Structure of the stored variables in the HDF5 files.

ED2 has a unique spatial hierarchy for its variables. Grids contain polygons, polygons contain sites, sites contain patches and patches contain cohorts. In the HDF5 output files, every single variable is written as a vector. When the model writes these variables to a file, it will append all the cohort data in the entire model state into a single, continuous block of vector data. This single vector contains data that originally came from numerous other vectors with different pointers. So given a single vector of something like cohort variables, how do we determine which patch, site, polygon and grid each cohort is a member of?
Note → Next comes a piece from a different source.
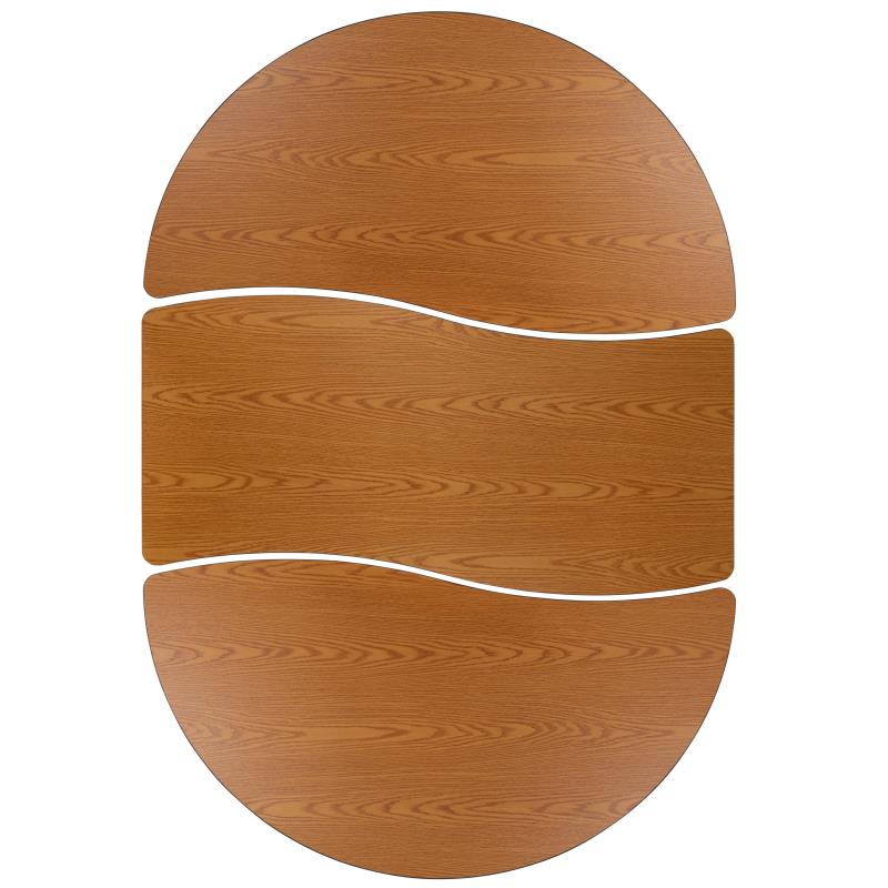 3 Piece Mobile 86" Oval Wave Collaborative Oak Thermal Laminate Activity Table Set-Standard Height Adjustable Legs
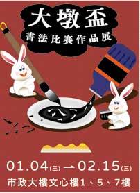 二 駐足•共賞─ 駐館藝術家簡錦清精選作品展 臺中市美術家資料館 111/12/10 六 112/01/08 日 黑韻─劉素惠水墨創作個展 中央畫廊 111/12/17 六 112/01/08 日 「經篆觀心」─阿罩霧小刀雅集聯展 展覽室B 111/12/31 六 112/01/29 日 書藝泉才─龍泉國小書法作品展 掬月廳 01/07 六 02/05 日 陳瑞瑚─刀彩溢情油畫展 展覽室C 01/07 六 02/05 日 臺中市立中港高中國中部 第十五屆美術班畢業展一「π」即合 二樓展覽室D、E 01/07 六 02/26 日 跟著阿貴去探險─ 許自貴2023立體繪畫個展 展覽室A 01/14 六 02/12 日 臺中市藝術創作協會會員聯展 展覽室B 01/14 六 02/12 日 涵融萬殊六─ 臺中市東方水墨畫會會員團體展 中央畫廊 表演 01/01 日 、01/14 六 14:00-17:00 戀戀鰲峰音樂饗宴 名留廣場 01/08 日 14:30 傳統歌仔戲─紫垣夢迴 演藝廳/現場索票

Here is a hypothetical example. Let's assume that we are looking into an output of a single-grid, single-polygon simulation. At that point, this simulation had two sites (henceforth sites A and B). Site A had 3 patches (henceforth patches A1, A2, and A3), and site B has 2 patches (henceforth patches B1 and B2). Patch A1 had 7 cohorts, patch A2 had 5 cohorts, patch A3 is bare-ground (i.e., no cohorts), patch B1 has 4 cohorts, and patch B2 has 2 cohorts:

  • Simple polygon-level variables (e.g., MMEAN_SENSIBLE_AC_PY) will have length 1, as this is a single-polygon simulation.
  • Simple site-level variables (e.g., MMEAN_PCPG_SI) will have length 2.
  • Simple patch-level variables (e.g., MMEAN_RH_PA) will have length 5 (3+2).
  • Simple cohort-level variables (e.g., MMEAN_LAI_CO) will have length 18 (7+5+0+4+2).
  • In case of multi-dimensional variables the last dimension will be associated with the hierarchical level. For example, in a simulation with 12 soil layers, variable MMEAN_SOIL_WATER_PA will have dimensions (12,5). Note: Depending on the software used for reading HDF5 and post-processing, the dimensions may be swapped by the software. It is worth checking the order of dimensions before using new softwares.

The figure below illustrates how variables would be stored in the example above:

To find which polygon, site and patch that any given cohort in the HDF5 output dataset is associated with, every output file in ED2 comes with a set of variables that can be used to identify to which patch, site, and cohort each vector element corresponds.

Indexing variable Description
PYSI_ID Index of the first site of each polygon
PYSI_N Number of sites for each polygon
SIPA_ID Index of the first patch of each site
SIPA_N Number of patches for each site
PACO_ID Index of the first cohort of each patch
PACO_N Number of cohorts for each patch

Changing the default contents of output files

There are instances in which the user may need to add or remove variables from the typical output. Examples of such cases include:

  • Reducing the size of output files by retaining only variables that will be used.
  • Adding new variables to one of the output files, because the default settings do not include a variable deemed necessary.

In these cases, you may consider changing the default contents of output files. In case you are not familiar with editing the ED2 code, we recommend opening an issue first, to make sure the changes are really needed.